**TASK ITEM**. The records below must be output exactly, with no images carried over.

(Collected data entries)
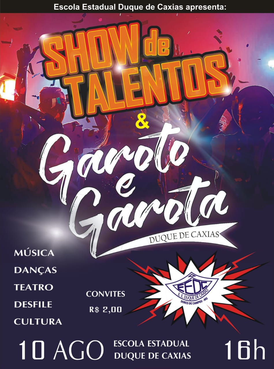 A Escola Estadual Duque de Caxias irá realizar no sábado (10) a partir das quatro horas da tarde, o 1⁰ Show de Talentos e o Concurso Garoto e Garota Duque de Caxias 2019. O evento é a primeira ação do Projeto de Lideranças Estudantis desenvolvido pela Secretaria de Estado de Educação (SEE) do Governo de Minas Gerais. A coordenação do projeto é do professor de Geografia, Evandro Freitas.
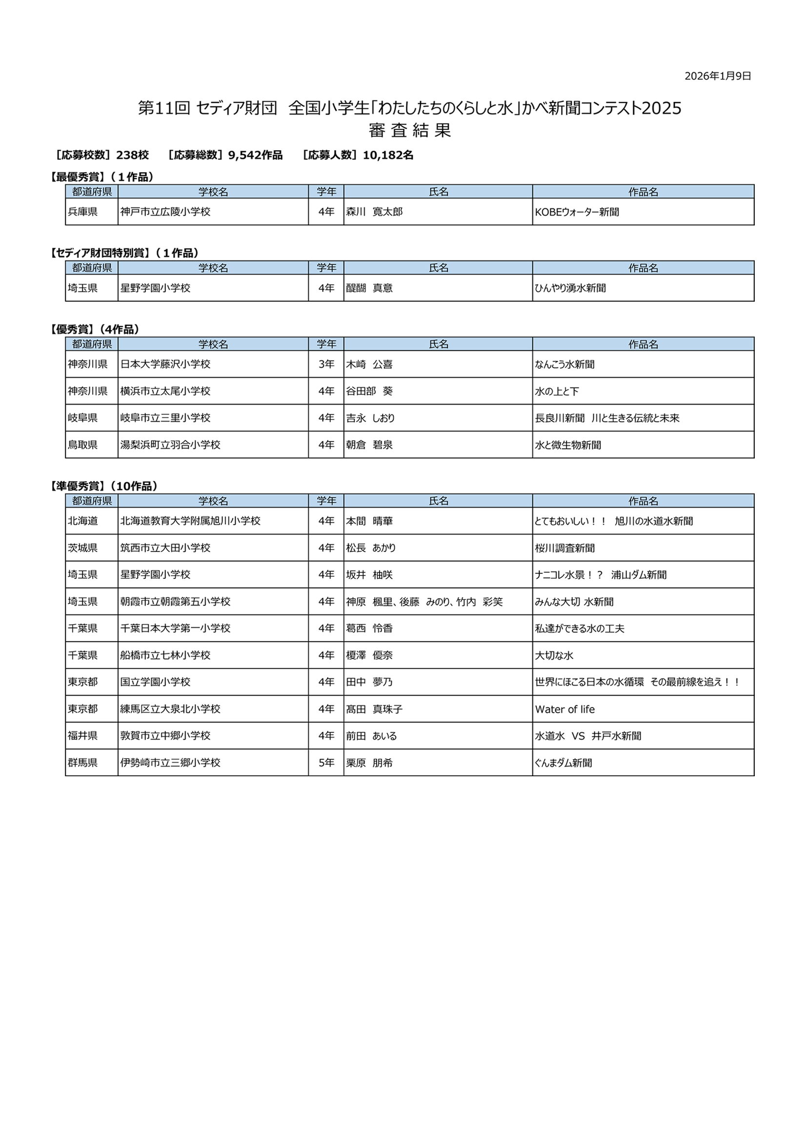 第11回 全国小学生「わたしたちのくらしと水」かべ新聞コンテストの審査結果~入賞者~を掲載しました。
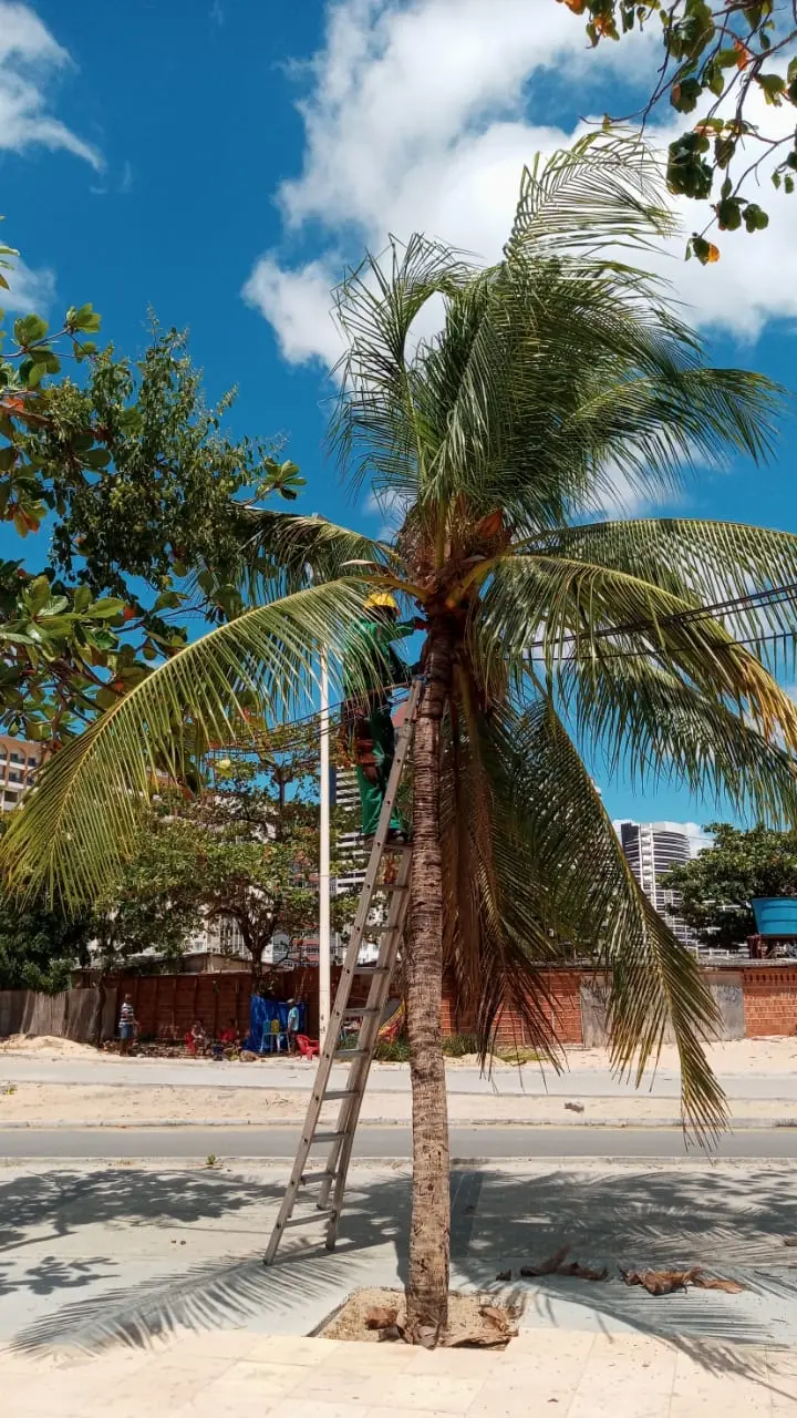 “Há duas semanas, equipes técnicas estão realizando trabalho no local retirando cocos e palhas secas dos coqueiros. Até o momento, já foi concluído o serviço em todo o trecho do calçadão da Praia de Iracema e, neste momento, segue em andamento os serviços no trecho do calçadão da Avenida Beira Mar”, disse, em nota, a UrbFor.
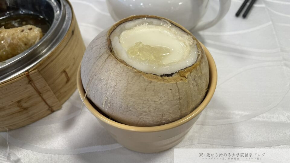 ココナッツの中にミルクプリンが入っています。上に乗っているのはツバメの巣らしいです。
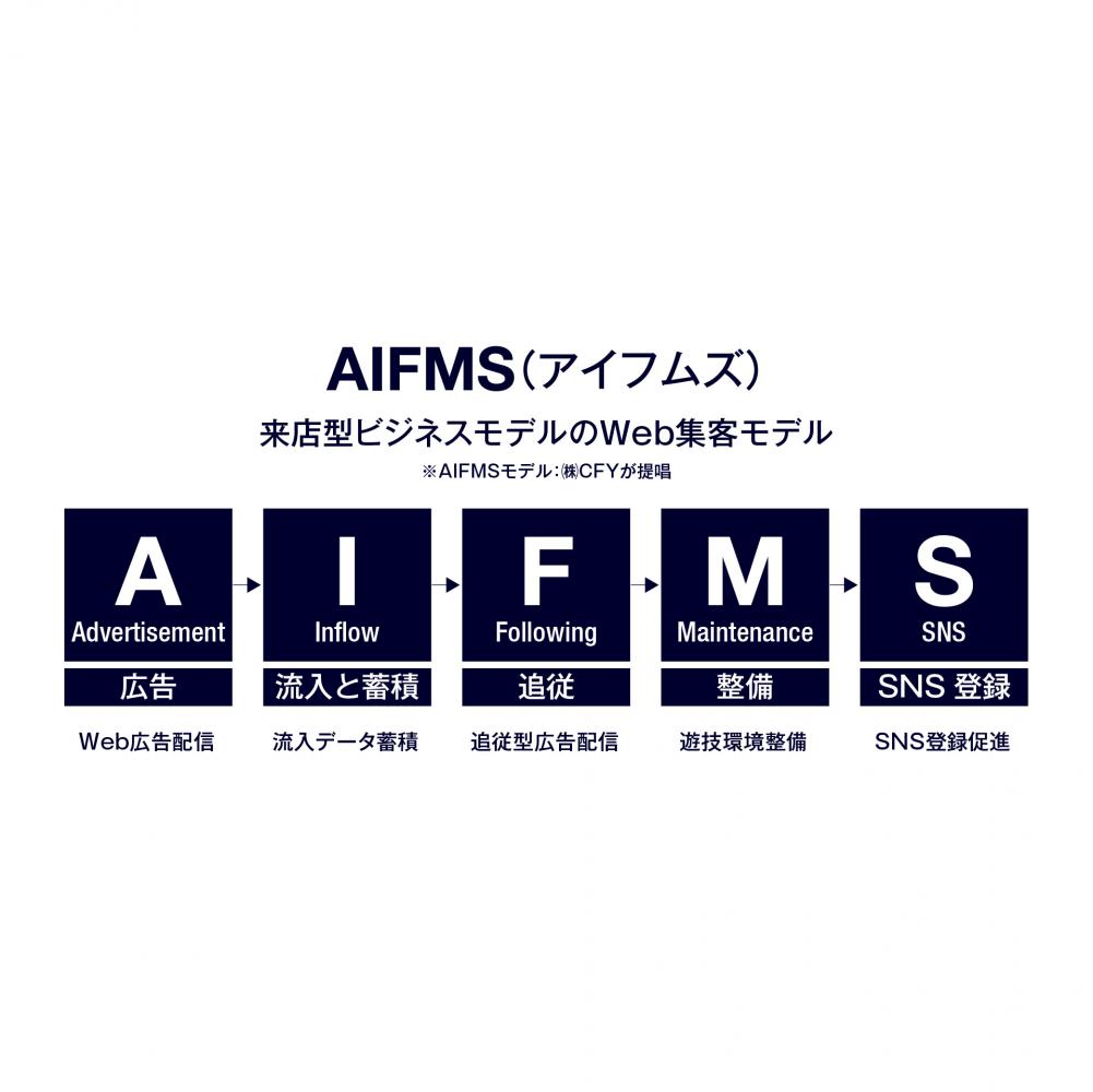 AIFMSは、企業がWeb集客を実施する場合に「有効的な集客施策」を講じるための5ステップをモデル化したものであり、「来店型ビジネスモデル企業向けのWeb集客モデル」として提唱しています。
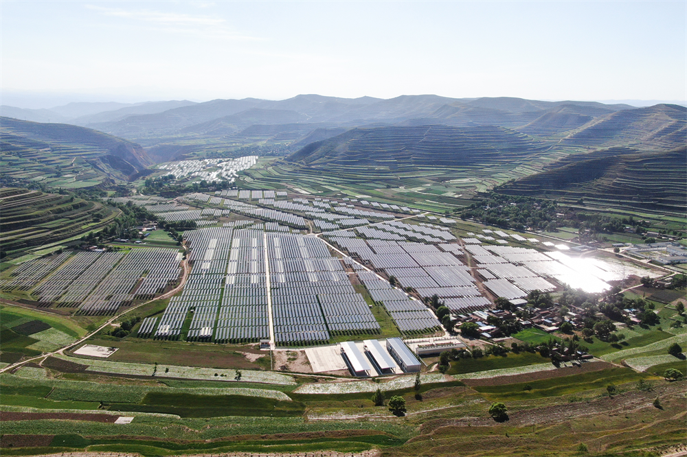 這是2022年6月15日在甘肅省定西市通渭縣榜羅鎮(zhèn)四新村拍攝的集中式光伏電站(無(wú)人機(jī)照片)。新華社記者 馬希平 攝
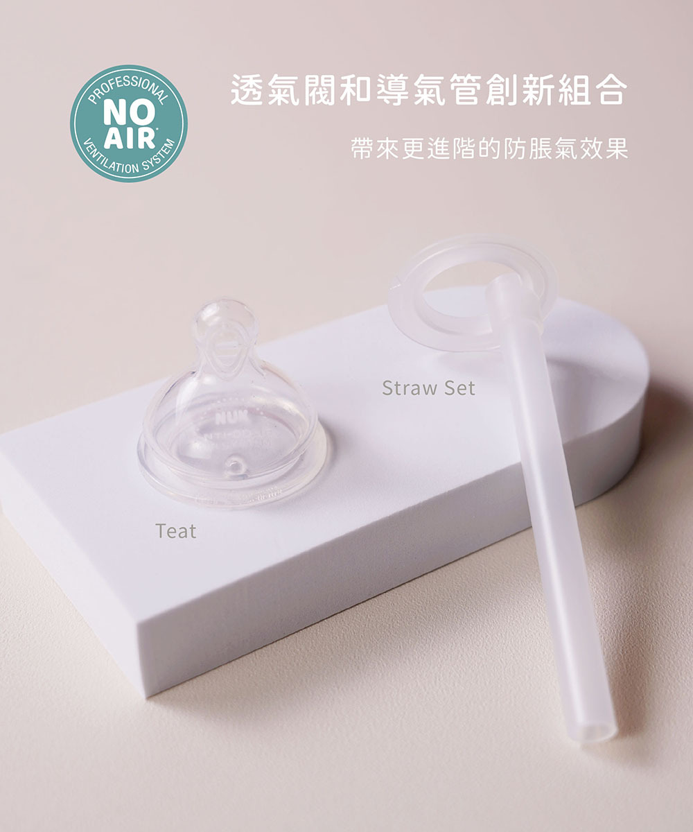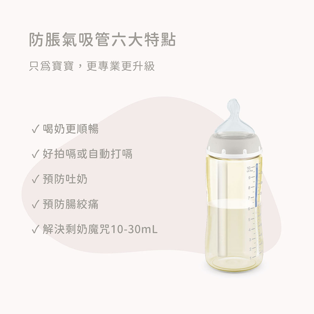 雙效(2)-防脹氣吸管:引導空氣透過吸管直達瓶底,避免空氣與奶水直接接觸
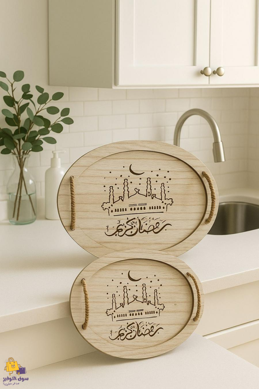 صواني رمضان خشبي بيضاوي ثقيل 2 صينيه 3-9
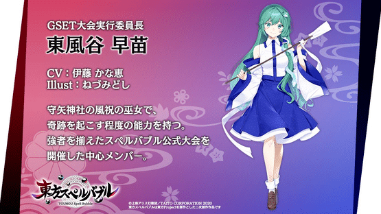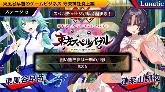 Side Story Pack, vol. 2! The title is, "Sanae Kochiya's Gaming Business, Moriya Shrine Ablaze"! This B-story takes place just before the Spell Bubble Tournament.
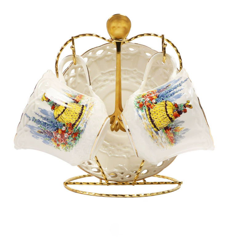 ชุดกาน้ำชาเซรามิกขอบทองแบบฝรั่งเศสสุดสร้างสรรค์จานรองถ้วยน้ำชายามบ่ายแบบเรียบง่าย
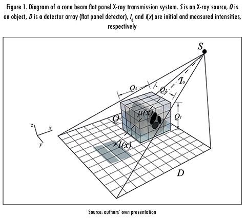 Figure 1 shows an object Q discretized when it is lightened with X-rays from a source S. This representation is composed of voxels that form Q1 cross-sections or slices, each one with Q2 X Q superficial dimensions. For each voxel (with dimensions dx X dz X dz) an attenuation a is allocated.
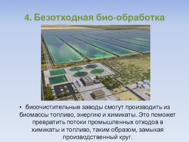 4. Безотходная био-обработкабиоочистительные заводы смогут производить из биомассы топливо, энергию и химикаты. Это поможет превратить потоки промышленных
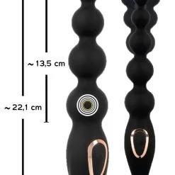 De anaal vibrator Anal Beads with Vibration van ANOS is in een bead design en heeft een flexibele punt. De 7 vibratiestanden zorgen voor opwindend achterdeurplezier. De standen zijn eenvoudig aan te passen met de knop op het speeltje. Door de brede basis met de praktische ophaalring kan hij naar de juiste hotspots worden geleid en voorkomt hij dat de kralen te ver naar binnen glijden. Je kunt er ook van genieten in bad of onder de douche omdat het waterdicht is. De siliconen vibrator is bedekt met een zachte textuur die heerlijk aanvoelt op de huid tijdens anaal genot. Hij kan worden opgeladen met de meegeleverde USB-kabel.

**EXERCISE RESPONSE**.
 A Escola Estadual Duque de Caxias irá realizar no sábado (10) a partir das quatro horas da tarde, o 1⁰ Show de Talentos e o Concurso Garoto e Garota Duque de Caxias 2019. O evento é a primeira ação do Projeto de Lideranças Estudantis desenvolvido pela Secretaria de Estado de Educação (SEE) do Governo de Minas Gerais. A coordenação do projeto é do professor de Geografia, Evandro Freitas.
 第11回 全国小学生「わたしたちのくらしと水」かべ新聞コンテストの審査結果~入賞者~を掲載しました。
 “Há duas semanas, equipes técnicas estão realizando trabalho no local retirando cocos e palhas secas dos coqueiros. Até o momento, já foi concluído o serviço em todo o trecho do calçadão da Praia de Iracema e, neste momento, segue em andamento os serviços no trecho do calçadão da Avenida Beira Mar”, disse, em nota, a UrbFor.
 ココナッツの中にミルクプリンが入っています。上に乗っているのはツバメの巣らしいです。
 AIFMSは、企業がWeb集客を実施する場合に「有効的な集客施策」を講じるための5ステップをモデル化したものであり、「来店型ビジネスモデル企業向けのWeb集客モデル」として提唱しています。
 這是2022年6月15日在甘肅省定西市通渭縣榜羅鎮(zhèn)四新村拍攝的集中式光伏電站(無(wú)人機(jī)照片)。新華社記者 馬希平 攝
 雙效(2)-防脹氣吸管:引導空氣透過吸管直達瓶底,避免空氣與奶水直接接觸
 صواني رمضان خشبي بيضاوي ثقيل 2 صينيه 3-9
 Side Story Pack, vol. 2! The title is, "Sanae Kochiya's Gaming Business, Moriya Shrine Ablaze"! This B-story takes place just before the Spell Bubble Tournament.
 ชุดกาน้ำชาเซรามิกขอบทองแบบฝรั่งเศสสุดสร้างสรรค์จานรองถ้วยน้ำชายามบ่ายแบบเรียบง่าย
 Figure 1 shows an object Q discretized when it is lightened with X-rays from a source S. This representation is composed of voxels that form Q1 cross-sections or slices, each one with Q2 X Q superficial dimensions. For each voxel (with dimensions dx X dz X dz) an attenuation a is allocated.
 4. Безотходная био-обработкабиоочистительные заводы смогут производить из биомассы топливо, энергию и химикаты. Это поможет превратить потоки промышленных
 De anaal vibrator Anal Beads with Vibration van ANOS is in een bead design en heeft een flexibele punt. De 7 vibratiestanden zorgen voor opwindend achterdeurplezier. De standen zijn eenvoudig aan te passen met de knop op het speeltje. Door de brede basis met de praktische ophaalring kan hij naar de juiste hotspots worden geleid en voorkomt hij dat de kralen te ver naar binnen glijden. Je kunt er ook van genieten in bad of onder de douche omdat het waterdicht is. De siliconen vibrator is bedekt met een zachte textuur die heerlijk aanvoelt op de huid tijdens anaal genot. Hij kan worden opgeladen met de meegeleverde USB-kabel.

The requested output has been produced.